Indian writer (1932–2011)

Bal Patil (Marathi: बाळ पाटील; 1932–2011) was a Jain scholar, journalist, social activist and Jain minority status advocate from Mumbai, Maharashtra. He was appointed as a member of State Minority Commission by the Govt. of Maharashtra from 2001 to 2004. He was the Secretary-General of All India Jain Minority Forum, New Delhi—a position he held until his death—and was an ardent advocate of minority status for Jainism. The Jain minority cause gained prominence when he petitioned the Supreme Court of India for the recognition of Jain religious minority status on par with other Indian minorities as per the two recommendations by the National Minorities Commission. He was also the first non-medical President of the National Society for the Prevention of Heart Disease & Rehabilitation, Mumbai. He has also authored many books on Jainism and presented several papers at various seminars and conferences.

==The Bal Patil Judgement case==

The Jain minority cause gained prominence when Bal Patil petitioned the Supreme Court of India to direct the Government of India to declare the Jains as national minorities in accordance with the recommendations of the National minorities commission. However, in 2005, the Supreme Court declined to issue a writ of Mandamus towards granting Jains the status of a religious minority throughout India. The Court however left it to the respective states to decide on the minority status of Jain religion.

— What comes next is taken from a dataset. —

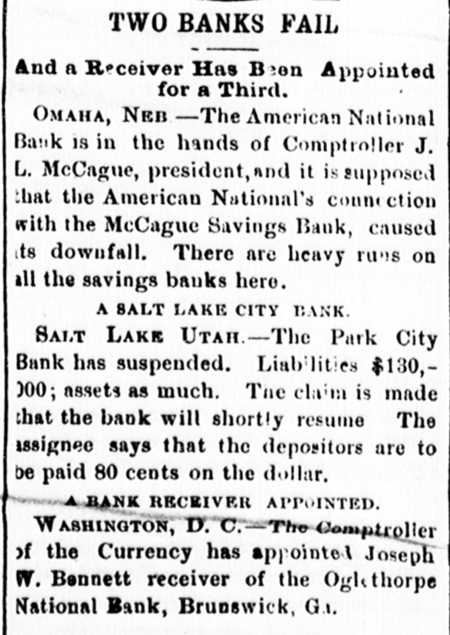 TWO BANKS FAIL And a Receiver Has Been Appointed for a Third. OMAHA, NEB - -The American National Bank is in the hands of Comptroller J. L. McCague, president, and it is supposed that the American National's connection with the McCague Savings Bank, caused its downfall. There are heavy runs on all the savings banks here. A SALT LAKE CITY BANK. SALT LAKE UTAH.-The Park City Bank has suspended. Liabilities $130,000; assets as much. The claim is made that the bank will shortly resume The assignee says that the depositors are to be paid 80 cents on the dollar. BANK RECEIVER APPOINTED. WASHINGTON, D. C.-The Comptroller of the Currency has appointed Joseph W. Bennett receiver of the Oglethorpe National Bank, Brunswick, G.I.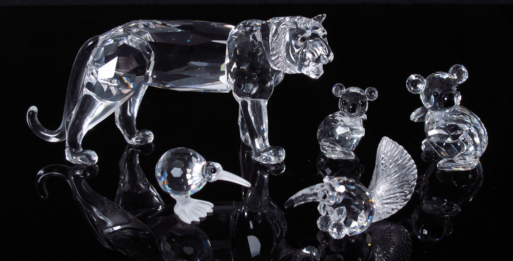 SWAROVSKI CRYSTAL 5 ENDANGERED SPECIES FIGURINES: KIWI, 7617 043 000, Michael Stamey, 1991-Dec 1996; KOALA BEAR VAR 2, 7673 040 000, Adi Stocker, 1987-2004; MINI KOALA VAR 1, 7673 030 000, Adi Stocker, 1989-Dec 2000; ANTEATER, 7680 000 001, Adi Stocker, 2001-2004; TIGER, 7610 000 003, Michael Stamey, 1998-Dec 2002. All with box and certificate.

In one of the observations of the Supreme Court, not forming part of the judgment, the Court said:

Thus, 'Hinduism' can be called a general religion and common faith of India whereas 'Jainism' is a special religion formed on the basis of quintessence of Hindu religion. Jainism places greater emphasis on non-violence ('Ahimsa') and compassion ('Karuna'). Their only difference from Hindus is that Jains do not believe in any creator like God but worship only the perfect human-being whom they called Tirthankar. Lord Mahavir was one in the generation of Tirthankars. The Tirthankars are embodiments of perfect human-beings who have achieved human excellence at mental and physical levels. In philosophical sense, Jainism is a reformist movement amongst Hindus like Brahamsamajis, Aryasamajis and Lingayats. The three main principles of Jainism are Ahimsa, Anekantavada and Aparigraha.

The Supreme Court also noted: " … that the State Governments of Chhattisgarh, Maharashtra, Madhya Pradesh, Uttar Pradesh and Uttarakhand have already notified Jains as 'minority' in accordance with the provisions of the respective State Minority Commissions Act."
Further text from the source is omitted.